Each phase is a single-PR worker (sized for one Sonnet impl-sprint per
the `.claude/EN/agents/worker-template.md` shape). Phases sequence so
each lands a green CI; the next phase depends only on shipped state.

### Phase 1 — Unblock CI (P0 fixes)

**Goal:** GitHub `tests/1.95.0` job green. The default `.cargo/config.toml`
build runs end-to-end on AVX2-only silicon.

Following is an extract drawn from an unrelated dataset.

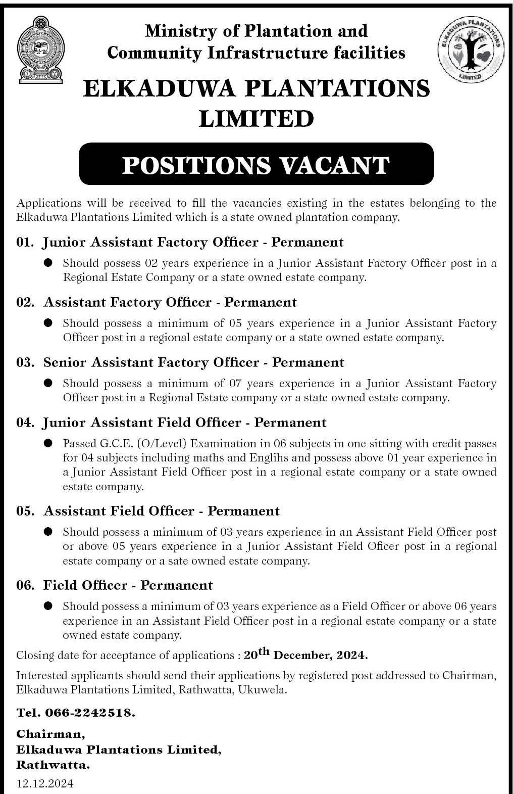 Senior Assistant Factory Officer, Field Officer - Elkaduwa Plantation Ltd

| # | Worker | Scope | Files | Acceptance |
|---|---|---|---|---|
| 1.1 | flip baseline | Change `target-cpu` from `v4` → `v3`. Add `.cargo/config-avx512.toml` with the old `v4` value. | `.cargo/config.toml`, `.cargo/config-avx512.toml` | `cargo check` clean on default; `tests/1.95.0` no longer SIGILLs |
| 1.2 | AVX2 two-half wrappers — float | Add `U8x64`, `U64x8`, `U32x16`, `U16x32`, `I8x32`, `I8x64`, `I16x16`, `I16x32`, `I32x16`, `I64x8` as two-half wrappers over native AVX2 `__m256i` halves. | `src/simd_avx2.rs` | per-type parity test vs `simd_avx512` on AVX-512 host; per-type unit test on AVX2-only |
| 1.3 | simd.rs dispatch refresh | Add the AVX2 cfg arm wiring the new wrappers; tighten existing arms with the new precedence (per § 2). | `src/simd.rs` | `cargo check --features approx,serde,rayon` clean on default config; `cargo check` clean on `--config .cargo/config-avx512.toml` |

After Phase 1, PR #170 (PR-X12 A1) and any future consumer PR ships
green CI by default. AVX-512 testing becomes an explicit job.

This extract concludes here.